Теперь, когда решение о моем учебном отпуске действительно получено и отмене не подлежит, я радуюсь каждому заходу солнца, потому что он с каждым разом приближает день встречи с тобой и настоящей жизни; ах, я буду работать, не покладая рук. Мне очень нравится твоя идея переводов с английского; я уже давно думал об этом и полагал, что тебе такая работа доставит большую радость, ведь ты сможешь хоть чуточку пополнить домашний бюджет — право, не знаю, стоит, нет ли — в любом случае это лучше, чем преподавание, к тому же мы смогли бы тогда в определенном смысле работать вместе, что доставило бы мне несказанную радость; часто, ах, как часто я думал об этом, мне кажется, будет не очень сложно получить перевод; к примеру, давно пора сделать хороший перевод Честертона, вот было бы здорово. […]

Сейчас отправлюсь еще раз узнать, как обстоят дела с моим отпуском; надеюсь, срок освобождения не слишком далек; ах, я буду приближать его, стану считать дни и с поистине ни с чем не сравнимым наслаждением зачеркивать в календаре каждый прошедший день здешней бесполезной жизни; ненавижу ее, как чуму, ненавижу со всей силой человека, сполна вкусившего ее и досконально познавшего во всех проявлениях; я знаю и насквозь вижу все ее хитрости и уловки, обман, все глупости, все это я сохраню в своем сердце и никогда ничего не забуду… Я постараюсь вдолбить это в голову моим сыновьям всеми доступными средствами моей фантазии и моего разума, чтобы они уже знали об этом, когда придет их час облачиться в серую униформу. Вдвоем мы справимся с жизнью, об этом я даже не беспокоюсь, я буду работать, работать, как одержимый, уж это абсолютно точно…

Ах, все так ясно и не вызывает сомнений, нужны только время и свобода…

Только что заходил в канцелярию и узнал, что мой отпуск начинается с первого октября, только представь себе: первого октября! Итак, до назначенного срока осталось пятнадцать дней, мне страшно в это поверить, правда, можно просто сойти с ума! Вряд ли стоит считать дни до отпуска. […]
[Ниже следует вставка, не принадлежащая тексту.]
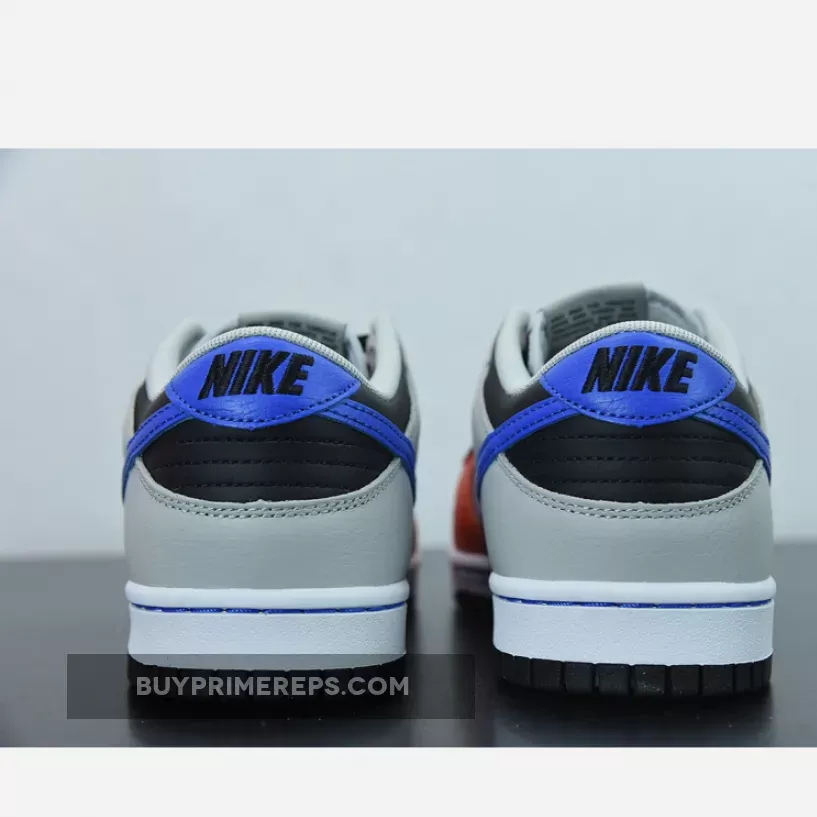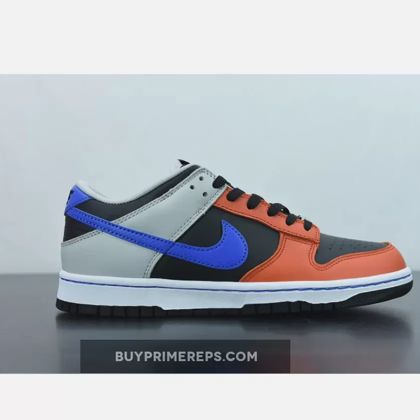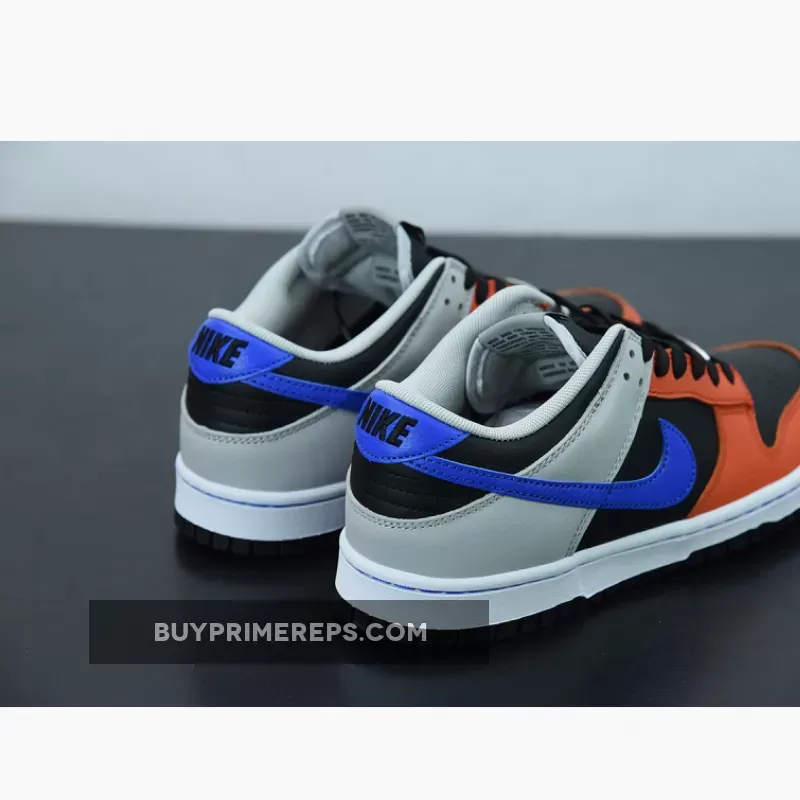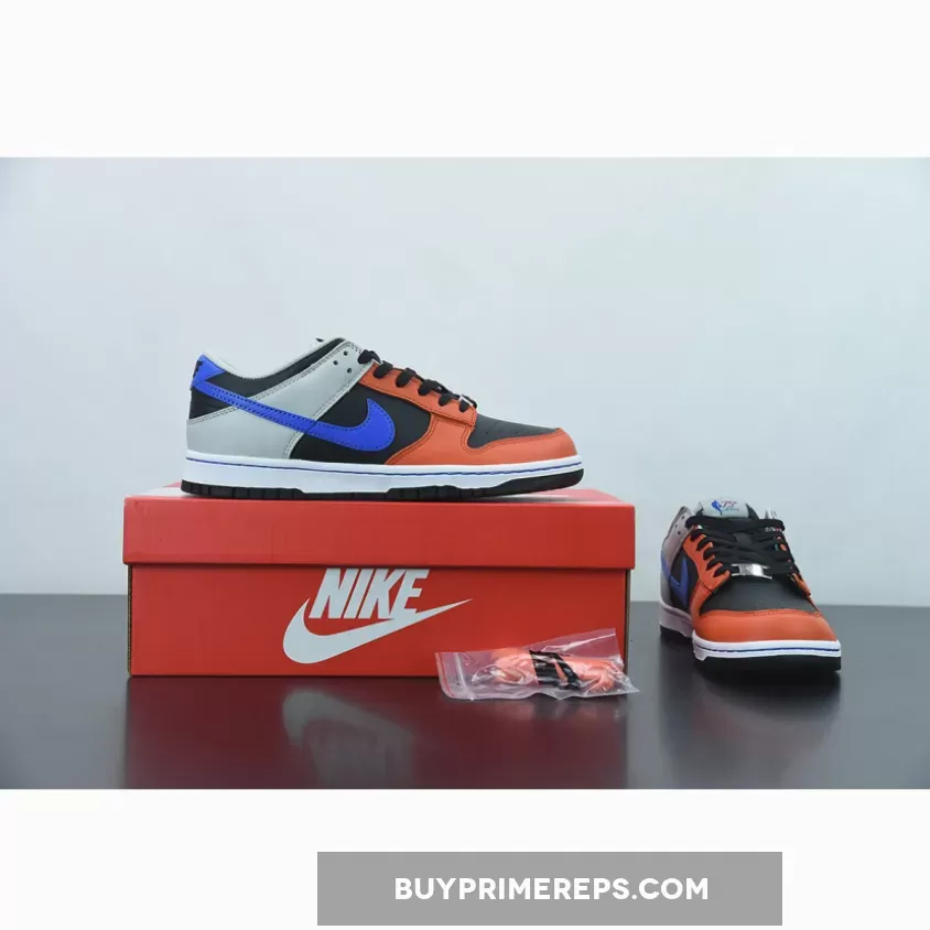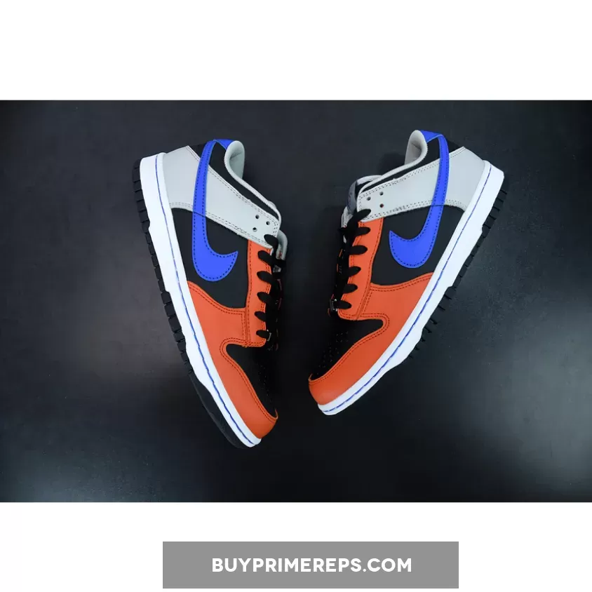 The NBA x Nike Dunk Low EMB Knicks features a sleek, low-top silhouette constructed with a full-smooth leather upper. The black toe boxes, quarter panels, and collars provide a clean canvas for the vibrant blue, orange, and grey accents that adorn the toe caps, Swoosh logos, and rear segments. These colors are a nod to the signature colors of the New York Knicks, one of the most storied franchises in NBA history.

Господи, помоги, чтобы все получилось, ах, это настолько неправдоподобно, что я все никак не могу в это поверить…

[…]

Западный фронт, 18 сентября 1942 г.

[…]

Известие о том, что я пойду в отпуск только с двадцать восьмого ноября вместо первого октября, стало для меня жестоким разочарованием; поначалу я сломался, но теперь снова взял себя в руки. […]
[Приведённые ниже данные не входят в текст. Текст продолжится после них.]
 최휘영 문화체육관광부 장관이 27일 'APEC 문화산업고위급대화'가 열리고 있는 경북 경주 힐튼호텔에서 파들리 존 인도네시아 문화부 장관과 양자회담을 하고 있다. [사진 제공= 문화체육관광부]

Меня уже тошнит от этой жизни, и я боюсь потерять душевную стойкость, но все-таки должно, должно получиться, и я снова обрету себя.

[…]

Западный фронт, 29 сентября 1942 г.

[…]

Спешу сообщить новость: меня опять переводят — на сей раз в «оседлую» войсковую часть, просто берут и переводят, это уже точно.

Самое печальное в этой истории то, что опять несколько дней не будет почты, в остальном же, как я считаю, я только выиграю… пиши мне по-прежнему на старый адрес, пока не узнаешь новый. Ах, может быть, это означает предстоящий в скором времени отпуск, что совершенно не исключено. […]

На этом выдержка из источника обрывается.